2. The process as claimed in claim 1, wherein the engraving layer
is applied by a UV flexographic printing process.
3. The process as claimed in claim 1, wherein the engraving layer
is cured by UV irradiation prior to the application of the base
layer.
4. The process as claimed in claim 1, wherein the engraving layer
is applied by printing over the entire surface of the backing
film.
5. The process as claimed in claim 1, wherein the engraving layer
is applied by printing over part of the surface of the backing
film.
6. The process as claimed in claim 1, wherein the engraving layer
is applied by printing in two or more colors.
7. The process as claimed in claim 1, wherein, after the engraving
layer has been applied by printing, and before the base layer has
been applied, an intermediate layer is applied, and optionally
comprises a pigmented electron-beam-curable lacquer.

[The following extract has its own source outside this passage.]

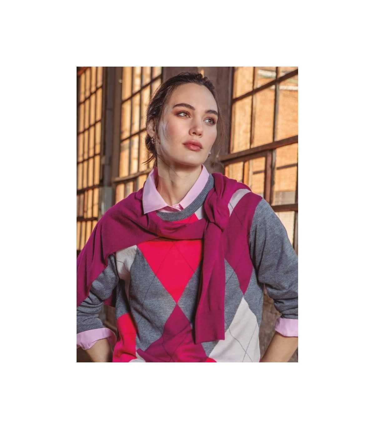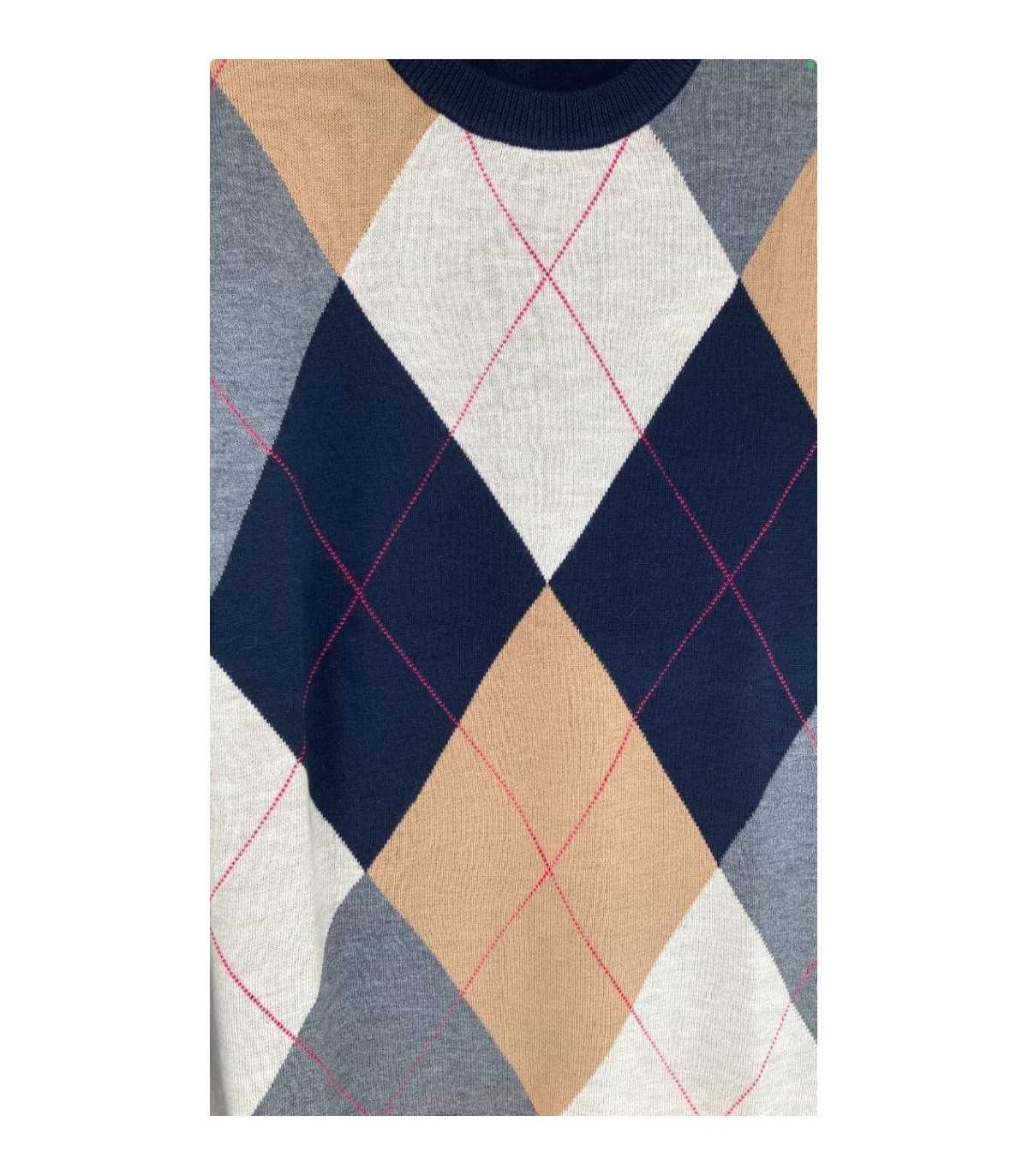 Suéter en color azul marino con detalle de rombos en la parte delantera en color camel, gris y crudo, cuello redondeado y manga larga, de la marca española Trovels.

8. The process of claim 7, wherein a doctor is used to apply to
base layer or the intermediate layer, or is used to apply both of
said layers.
9. The process of claim 7, wherein the intermediate layer comprises
a pigmented electron-beam-curable polyurethane-acrylate
lacquer.
10. The process as claimed in claim 1, wherein the
electron-beam-curable lacquer is cured in a single operation and is
thus crosslinked with the engraving layer.

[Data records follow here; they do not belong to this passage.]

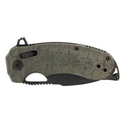 With a powerful styling that harkens to its Japanese DNA, the muscular Kiku XR pocket knife makes a subtle statement of strength wherever its carried. The high-utility modified tanto blade cuts under virtually every condition, and the linen micarta handle provides for a sure, secure grip. Expertly blending form and function, the Kiku XR is a rugged solution for situations that require a quick opening, super sharp folding knife. The original amd most popular of their Kiku knives assortment
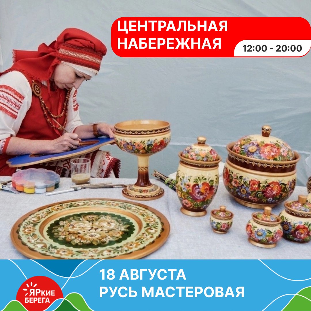 Уже сегодня на Центральной набережной пройдёт Всероссийский конкурс народных мастеров «Русь мастеровая». Кроме того, запланированы мастер-классы, выступления коллективов, интерактивные площадки и многое другое.
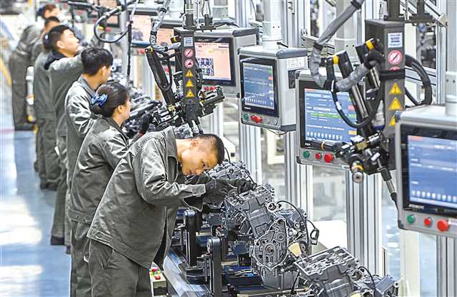 隆鑫通用C区工厂,工人正在生产线上组装KE500发动机。首席记者 龙帆 摄/视觉重庆
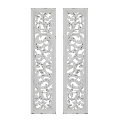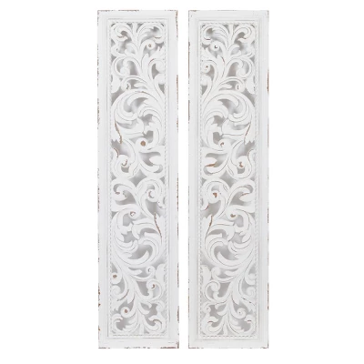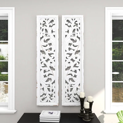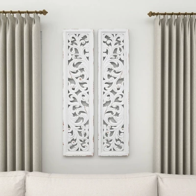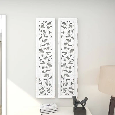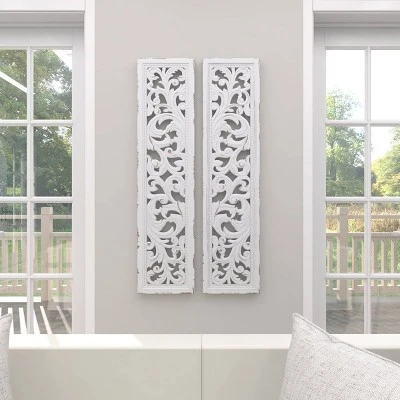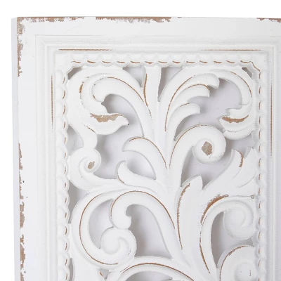 - These rectangular wall decorations are carved with intricate botanical details, white-painted, and given outline distressing for a traditional feel

11. The process of claim 10, wherein the energy dose from the
irradiation with electrons is in the range from 50 kGy to 150 kGy,
and the energy of the electrons is in the range from 200 keV to 500
keV.
12. The process as claimed in claim 1, wherein a doctor is used to
apply the base layer.
13. The process as claimed in claim 1, wherein the engraving layer
comprises at least one anti-counterfeiting feature selected from
the group consisting of dyes that fluoresce in UV light,
thermochromic dyes, substances comprising a detection system
specific to biological specimens, and multilayer color
pigments.
14. The process as claimed in claim 1, wherein the engraving layer
comprises a cationic UV lacquer.
15. The process as claimed in claim 1, wherein the engraving layer
is applied by printing at a thickness in the range from 1 to 20
g/m.sup.2.
16. The process of claim 15, wherein said thickness is in the range
from 3 to 6 g/m.sup.2.
17. The process as claimed in claim 1, wherein the base layer
comprises a pigmented electron-beam-curable polyurethane-acrylate
lacquer.
18. The process as claimed in claim 1, wherein the base layer is
applied at a thickness in the range from 20 to 500 g/m.sup.2.
19. The process of claim 18, wherein said thickness of said base
layer is in the range from 100 to 160 g/m.sup.2.

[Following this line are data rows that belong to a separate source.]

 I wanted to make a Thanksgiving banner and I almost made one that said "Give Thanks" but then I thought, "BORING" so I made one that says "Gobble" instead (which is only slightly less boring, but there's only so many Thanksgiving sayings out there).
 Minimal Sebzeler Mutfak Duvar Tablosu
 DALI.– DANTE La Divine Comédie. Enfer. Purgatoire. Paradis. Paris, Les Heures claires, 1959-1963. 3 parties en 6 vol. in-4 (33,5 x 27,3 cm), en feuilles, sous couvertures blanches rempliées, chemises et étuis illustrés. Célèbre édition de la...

20. The process as claimed in claim 1, wherein the supportive
backing film comprises a polyester film whose thickness is in the
range from 10 to 200 .mu.m.
21. The process as claimed in claim 1, wherein, over the base
layer, an adhesive mass is applied, and is optionally protectively
covered by a protective layer.
22. The process as claimed in claim 1, comprising the further step
of cutting the laser-inscribable film to a predetermined size.
23. A multilayer label, produced by the process of claim 1.
Description
This is a 371 of PCT/EP02/07711 filed 10 Jul. 2002 (international
filing date).
The invention relates to a process for producing a
laser-inscribable film.
BACKGROUND OF THE INVENTION
Increasing use is being made of labels produced by sophisticated
techniques for the identification marking of parts of vehicles,
machines, and electrical and electronic devices, etc., examples of
such labels being identification plates, control labels for process
operations, or guarantee badges or test badges.
In order to inscribe these plates or labels, use is widely made of
powerful and controllable lasers which can "burn" markings, such as
inscriptions, codes, and the like. High requirements are placed
upon the material to be inscribed. For example, the inscription
rate is to be high, the resolution capability is to be high, the
application is to be simple, and the material is to have high
resistance to mechanical, physical, and chemical effects. Commonly
used materials, e.g. printed paper, electrolytically oxidized
aluminum, lacquered aluminum, or PVC films, do not all fulfill
these requirements.
The applicant is introducing a multilayer label which is
self-supporting, and comprises a thin, opaquely pigmented lacquer
layer over a thick lacquer layer, and is manufactured from an
electron-beam-cured, solvent-free lacquer. A label of this type has
been described in DE 81 30 861 U1. The label is inscribed by using
a laser to engrave the thinner lacquer layer via layer ablation,
thus revealing the lower, thicker lacquer layer. The chemical
structure of the film material, and the electron-beam curing, gives
the film material a high level of resistance.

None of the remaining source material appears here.